Думая, что такой и должна быть семейная жизнь, он стал взрослым и кормильцем, он уже почти похоронил мечту — футбол! И лишь одно осталось, хоть по телевизору ночью посмотреть интересный матч. Но и это нельзя, жена днем не успела — слушателей нет, так хоть вечером Ваха вновь оценит ее талант.
— Нет, лучше футбол, — с пролетарской искренностью выдал Мастаев.
— Что значит «лучше футбол»? — возмутилась жена. — Тебе перестала нравиться хорошая музыка?
— Если хорошая, то такая, — Ваха поставил одну из пластинок Марии.
— Ах, вот в чем дело?! Мне рассказывали. Значит, ты еще «сохнешь» по Дибировой? — была противная сцена ревности, после которой супруга ушла к родителям.
Переживал ли Ваха? Конечно, переживал. И если бы он мог нормально, без пролетарской предвзятости общаться со сватами, то он пошел бы к ним. Вместо него на этот шаг пошла Баппа. Мать вернулась со снохой и с предложением к сыну.
— Может, вы на время где угол снимете?
— Мы тебе мешаем?
— Мне?.. Нет.
— Ну и слава Богу. А остальное — мелкобуржуазный каприз.
— Что? — удивилась Баппа.
Неожиданно зазвонил телефон.
— Ваха! — как всегда задорный голос Деревяко. — А я опять здесь. Над тобой. Что? У вас тут здорово — революционная ситуация: верхи править не могут; низы по-прежнему жить не хотят. А я как раз пишу кандидатскую об этом. К тому же меня кое-кто настойчиво пригласил. А ты поднимись, приглашаю, у меня день рождения.
Это был субботний день, Ваха прибежал домой пообедать и уже торопился к своей сварке, как опять звонок:
— Мастаев, — давненько он не видел и не слышал Кныша. — Ты, давай, поднимись в спецномер, гости у нас… и дело есть.
По столу, а главное, по лицам было видно, что Кныш и Деревяко уже давно отмечают:
— Мастаев! — от хмелья Кныш говорит громко. — Ругать тебя надо ругательски! Что творится кругом — грядет революция, а ты?
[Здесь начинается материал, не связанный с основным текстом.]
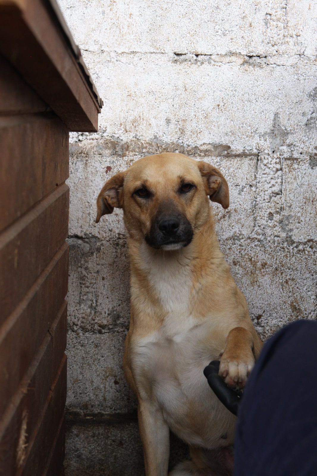 Diese sehr nette Hündin ist zwar etwas schüchtern, hat sich aber ganz brav anfassen lassen. Nach kurzer Zeit ist RUNI aufgetaut und konnte unsere Streicheleinheiten dann auch richtig genießen. Leider wird sie von den anderen Hunden in ihrem Kennel gemobbt, sodass sie sich die meiste Zeit hinter der Hütte aufhielt.

Нет чтобы быть в первых рядах пролетариата — бедноты, а ты-то за одной музыкантшей увивался, ладно, она-то хоть красивая была.
— Кто? Мария? — встряла в разговор Деревяко.
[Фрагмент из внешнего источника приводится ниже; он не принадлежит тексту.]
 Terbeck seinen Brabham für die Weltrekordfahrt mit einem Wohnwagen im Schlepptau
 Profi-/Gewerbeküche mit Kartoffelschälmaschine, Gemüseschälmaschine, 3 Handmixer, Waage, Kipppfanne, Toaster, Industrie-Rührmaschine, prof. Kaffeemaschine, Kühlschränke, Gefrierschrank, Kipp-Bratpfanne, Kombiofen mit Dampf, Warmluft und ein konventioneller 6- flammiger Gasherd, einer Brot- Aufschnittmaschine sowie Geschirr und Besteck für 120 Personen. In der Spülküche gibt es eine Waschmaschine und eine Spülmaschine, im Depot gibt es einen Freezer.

— Ты молчи, когда старый член партии говорит! — урезонил ее Кныш и вновь указующе Мастаеву: — А теперь женился, — прости, ни мордой, ни телом, а бренчать начнет — жить не хочется. Кстати, слышал, она ушла, твоя мать вернула.
Мастаев молчал.
— Ну, тебе, как говорится, виднее, — Кныш, слегка покачиваясь, обнял Ваху. — Люблю я тебя, дурака, люблю. Давай выпьем за нас, за грядущие дела. Мы восстановим пролетарский порядок и советскую власть! — он еще что-то хотел сказать, как вдруг появился Руслан Дибиров с огромным букетом.
— О, мой милый Русланчик, как я соскучилась, — Галина Деревяко бросилась на шею смущенному Дибирову, поцеловала его в щечку.
После этого разговор явно не клеился. Кныш сказал, что пойдет помыть руки; как выяснилось, он тихо, по-английски, удалился. Позже, правда, попрощавшись, ушел и Ваха. А в чуланчике, подбоченясь, с перекошенным от злобы лицом жена:
— Вот так ты соскучился!? Я только вернулась, а он к этой шлюхе, видать, не впервой.
— Там и Руслан Дибиров был, — пытался оправдаться Ваха, эта фамилия — словно масло в огонь, долгий монолог жены и как итог — ультиматум: — Либо мы сейчас же переезжаем, моя мама подыскала нам жилье, либо я ухожу совсем.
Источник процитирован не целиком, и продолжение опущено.